However, in the aforementioned patent case, it is still only relying on a single EMG signal to judge the state of muscle activity, which is less accurate in judging muscle strength.

Therefore, the inventor proposes a muscle strength assessment method, comprising the following steps: input a body measurement parameter of a human body to a computer, the computer includes or is signally connected to an artificial intelligence model trained in advance; combines at least one muscle in the human body A force evaluation device, the human body performs an action; an inertial signal measurement unit of the muscle strength evaluation device obtains an action parameter corresponding to the human body from the action through a first calculation circuit unit, and transmits the action parameter to The computer; a bioelectrical impedance measurement unit of the muscle strength evaluation device obtains an electrical impedance signal of the human body through an electrode unit, and then obtains the whole body or part of the human body through a second operation circuit unit. A muscle mass parameter is sent to the computer; a myoelectric signal measurement unit of the muscle strength evaluation device obtains a myoelectric signal of the human body through the electrode unit, and then obtains the myoelectric signal through a third operation circuit unit A muscle strength parameter of the human body is transmitted to the computer; the computer or the artificial intelligence model evaluates the influence of the body measurement parameter, the movement parameter, the muscle strength parameter and the muscle mass parameter on the muscle strength of the human body, and then An evaluation parameter of the muscle strength of the human body is obtained.

Further, a training body measurement parameter, a training action parameter, a training muscle strength parameter, a training muscle mass parameter and a clinical evaluation result are input to the computer or a server in advance, and the computer or the server performs deep learning to According to the clinical evaluation result, the influence of the training body measurement parameter, the training action parameter, the training muscle strength parameter and the training muscle mass parameter on the muscle strength of the human body is evaluated, and the artificial intelligence model is established.

Further, when the human body performs the action, the computer displays an action situation of the human body, and when the human body completes the action, the computer and/or the muscle strength evaluation device sends a prompt.

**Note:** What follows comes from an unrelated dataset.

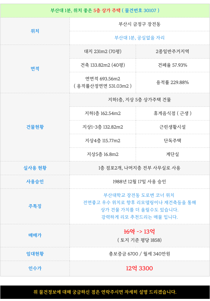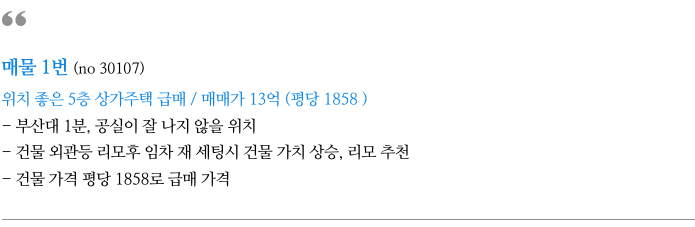 1) (급매) 부산대 1분, 위치 좋은 5층 상가 주택 ( 물건번호 30107 )

Wherein, the body measurement parameter includes one or a combination of age, gender, height, weight and body shape, the action parameter includes one or a combination of the position, acceleration, rotation, distance and time of the action, and the muscle strength parameter is In terms of domain, it includes one or a combination of root mean square value, integrated EMG value and average amplitude; in frequency domain, it includes average power frequency and/or median frequency, and the muscle mass parameter includes the body mass index of the human body , body fat percentage, body fat mass, muscle mass, body water content, body water percentage, intracellular fluid, segmental muscle mass, segmental body fat percentage, segmental body fat mass, bioelectrical resistance value, and bioelectrical reactance value or a combination thereof.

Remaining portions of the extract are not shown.